Reading Online Novel

Labyrinth of Stars(7)



“Maxine,” Mary said, touching my arm. I turned, and what I saw made my stomach drop hard.

Red and blue lights flickered in the distance. Two cars, roaring down the driveway. My vision blurred.

“Shit,” I said.





THE neighbors might not have cared about the music, but they sure knew what a killing field sounded like.

My clothes were covered in blood. So were Grant’s. Raw and Aaz pulled new jeans and a fresh white T-shirt from the shadows, tossing them at my husband. For me it was a pair of shorts and a long-sleeved shirt that covered the dried blood on my arms. We made sure to pull off the tags.

Doesn’t take much to look normal. Acting normal can be a little more problematic.

The police were already parked and walking around when we reached the farmhouse. Two men, both white, swinging their flashlights across the barn and inside the window of the old parked station wagon. I knew some of the demon children liked to visit sometimes—I hoped they weren’t around or had the good sense to hide.

The third cop was different, and that was because he was possessed by a demon. I could see it, plain as day—and that thunderous black aura was so violent, so encompassing as it roiled around his uniformed body, I couldn’t imagine how other humans didn’t sense it. But that was the danger of those demonic parasites: They were good at hiding, good at slipping under the skin and feeding off a person’s pain. Or worse, forcing that person to make others feel pain.
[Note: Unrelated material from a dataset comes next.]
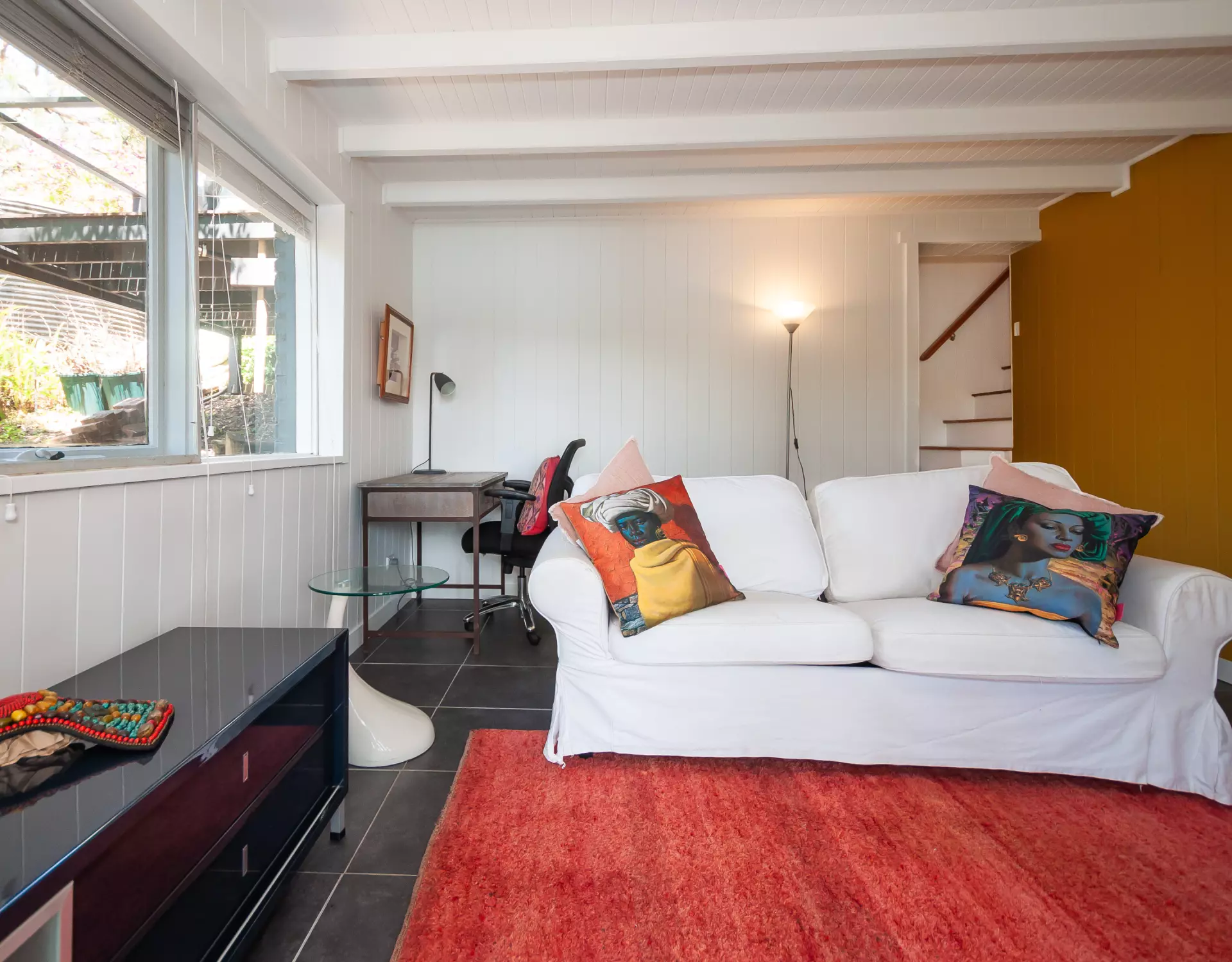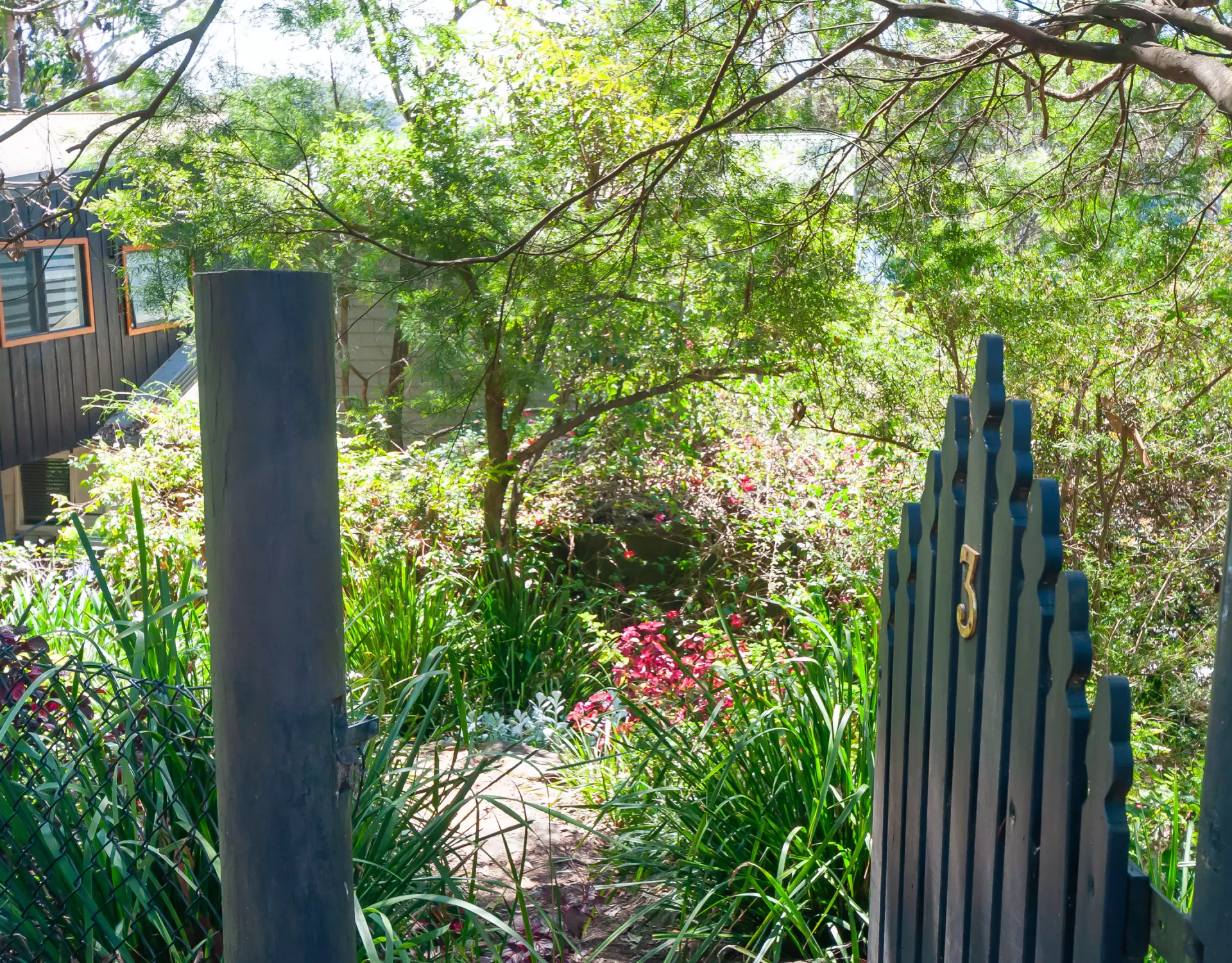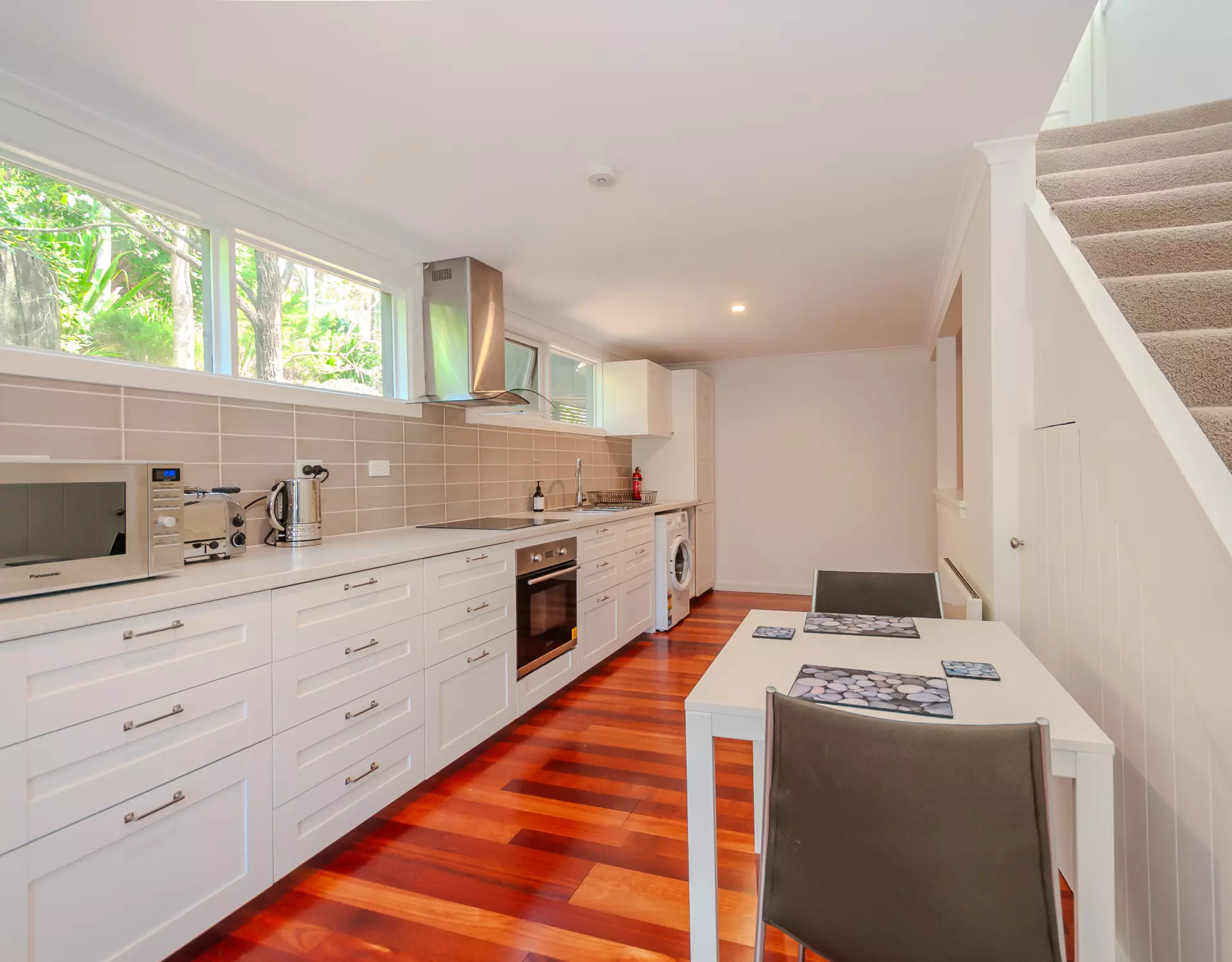 Having its own entrance, wander through gardens to a deck area into a full kitchen which includes a washing machine.

For years, those were all I hunted—parasites, possessing humans—exorcising them, feeding their spirit bodies to the boys. They’d been the only demons haunting earth until the prison had split open. Easier times, now that I thought about it. More straightforward.

The demon in front of us, though, wasn’t like the rest of her kind. Only one parasite had that aura.

The possessed cop was waiting for us beside his SUV. The others began approaching but were still too far away to hear us.

“Blood Mama,” I said. “Fancy meeting you here.”

Blood Mama, the lady lord of the parasites, and the oldest, slyest nemesis of my bloodline. She’d ordered my mother’s murder and the murder of so many of my ancestors; and yet, we had a truce. For now.

“I heard there was a disturbance in the Force,” he replied, but in a particularly sultry, feminine voice that totally did not match the gray stubble, beer belly, or the tattoo of Bugs Bunny on his forearm. He might have been in his fifties, and I sort of recognized his face from trips into town. Definitely the sheriff. Blood Mama didn’t slip into the skins of anyone who didn’t have beauty, wealth, or power.

“You,” he said to Grant. “I hoped you might be dead.”

“Ha,” replied my husband, dryly. “That never gets old.”

He scowled, but the two other officers were finally near enough to hear us. Up close, they weren’t just white—they were pale as ghosts and looked shaken, scared. Maybe even traumatized. I didn’t think it was anything they’d seen here, or else they’d be talking—but something bad had happened. It made me even more nervous.

But no one mentioned anything. Blood Mama—or whoever she had possessed—proceeded with the official questioning. In front of the others, his voice didn’t hold a trace of her charm: It was gruff, deep, masculine. The neighbors reported strange sounds. The neighbors heard screams, even though they lived miles away. What were you doing tonight? Could the men look around?

I kept quiet for the most part. Grant spoke, using his voice—his real voice—and I felt the shimmer of his power on my skin as he soothed the other two police officers, twisting their minds, making them believe we were harmless, taking away their fear. I saw it happen in their faces—a slow relaxation of their jaws and shoulders, a better light in their eyes.

Dangerous, manipulative—and necessary. If Grant hadn’t been such a good man, if I didn’t have such faith in him, I would have been forced to take his life years ago.

My mother wouldn’t have waited at all. Keeping a man alive who could alter the fabric of any living creature’s soul was not what she would have considered wise. Maybe the fact that the boys and I were immune gave me the distance to have a different perspective.

“I think we’re done here,” said the sheriff. “You boys go home. I’ll finish up.”

No argument. In less than a minute, the other patrol car was ripping down our long driveway. And Blood Mama was back, smiling at us through her stolen lips.

He ran his hands down his body, a caricature of seductiveness, and gave me a slow wink. “Do you want me like this?”

“I’ve had enough trauma for the night,” I replied. “I suppose you heard?”